SAG101 Antibody

What is SAG101 and why is it significant in plant immunity research?

SAG101 is a plant-specific protein that interacts with EDS1 to form a critical nuclear complex involved in plant immune signaling. Its significance lies in its essential role in EDS1-dependent defense responses, particularly in TIR-NB-LRR (TNL) receptor-triggered immunity. SAG101 contributes to programmed cell death triggered by TNL immune receptors and helps restrict the growth of virulent pathogens .

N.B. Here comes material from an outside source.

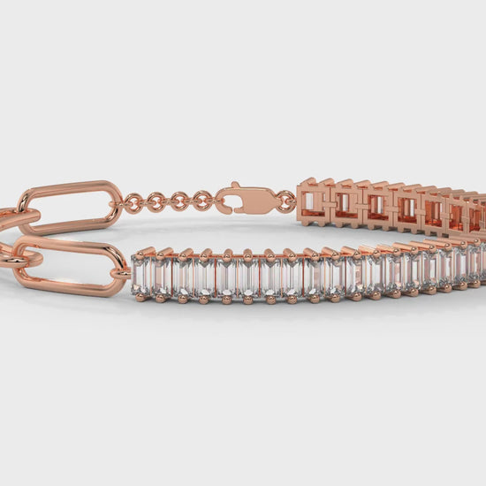 6.44 CTW Straight Baguette Diamond Bracelet in 14K Rose Gold – Modern Link Design
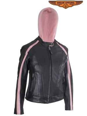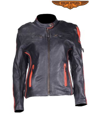 Women Leather Reversible Racer Jkt w. Stripes SKU # LJ273-09-ORG-PINK

To study SAG101's function, researchers should consider both loss-of-function approaches (using null mutants like sag101-1 and sag101-2) and protein interaction studies to understand its relationship with other immune components. The protein's involvement in distinct spatial complexes (EDS1-SAG101 in the nucleus versus EDS1-PAD4 in both nucleus and cytoplasm) makes it particularly interesting for subcellular localization studies .

How is a SAG101 antibody typically generated for research purposes?

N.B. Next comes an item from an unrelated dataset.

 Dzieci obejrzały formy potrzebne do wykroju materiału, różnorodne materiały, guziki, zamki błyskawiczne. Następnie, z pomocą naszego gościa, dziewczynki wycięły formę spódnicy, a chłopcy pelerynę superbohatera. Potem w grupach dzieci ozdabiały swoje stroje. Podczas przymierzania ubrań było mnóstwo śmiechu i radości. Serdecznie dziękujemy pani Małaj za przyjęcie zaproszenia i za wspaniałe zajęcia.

For generating SAG101-specific antibodies, researchers have successfully used a peptide immunization approach. This involves:

• Selecting unique SAG101 peptide sequences not found in related proteins

• Synthesizing these peptides and conjugating them to carrier proteins

• Immunizing rabbits to produce polyclonal antisera

• Purifying the resulting antibodies using affinity chromatography

As demonstrated in the literature, rabbit polyclonal antibodies raised against two unique SAG101 peptides have successfully detected a band of the expected size (~62 kD) in Arabidopsis soluble leaf extracts, confirming their specificity by absence of this band in sag101 null mutants .

What are the optimal methods for protein extraction when working with SAG101 antibodies?

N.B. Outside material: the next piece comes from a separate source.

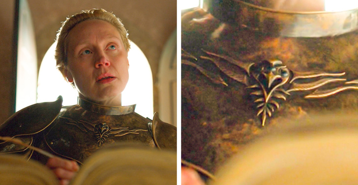 На броні Бриенны можна побачити знак нового короля: Бран обрав символом Трехглазого ворона, а не вовка Старков, як можна було б припустити.
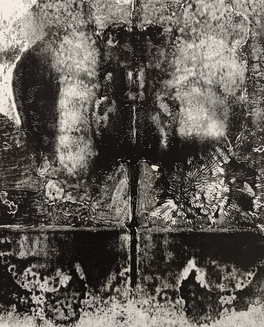 The work engages with the dual nature of environments and realities. Textures and forms mirror themselves, both in image and in sound. In certain points, fractures emerge that form a grid within the structure, as well as forms that allude to types of writing, suggesting a state between readability and abstract experience. The composition was organized as a soundscape, which attempts to respond to the initiatory mystagogical character of the visual work.

For effective SAG101 protein detection using antibodies, researchers should:

• Extract total soluble protein from plant tissue (typically leaves) using a buffer containing:

  • Detergent (e.g., Triton X-100) to solubilize membrane proteins

  • Protease inhibitors to prevent degradation

  • Reducing agents to maintain protein structure

  • Appropriate pH buffering (typically around pH 7.5)

• Centrifuge samples to remove cell debris and insoluble material

• Quantify protein concentration to ensure equal loading for immunoblot analysis

This approach has been successfully employed to detect SAG101 in studies examining its accumulation and stability in various genetic backgrounds (e.g., in eds1, pad4, and pad4 sag101 mutants) .

What controls should be included when using SAG101 antibodies in immunoblotting experiments?

When conducting immunoblot experiments with SAG101 antibodies, the following controls are essential:

• Positive control: Wild-type plant extracts known to express SAG101 (e.g., Col-0 in Arabidopsis)

• Negative control: Extracts from confirmed sag101 null mutants (e.g., sag101-1 and sag101-2) to verify antibody specificity

• Loading control: Detection of a constitutively expressed protein (e.g., actin or tubulin) to normalize protein amounts across samples

• Cross-reactivity check: Testing the antibody against recombinant SAG101 protein and extracts from plants overexpressing SAG101 to confirm specificity

These controls help validate the specificity of the antibody and ensure accurate interpretation of results, particularly when examining SAG101 protein levels in different genetic backgrounds or under various treatment conditions .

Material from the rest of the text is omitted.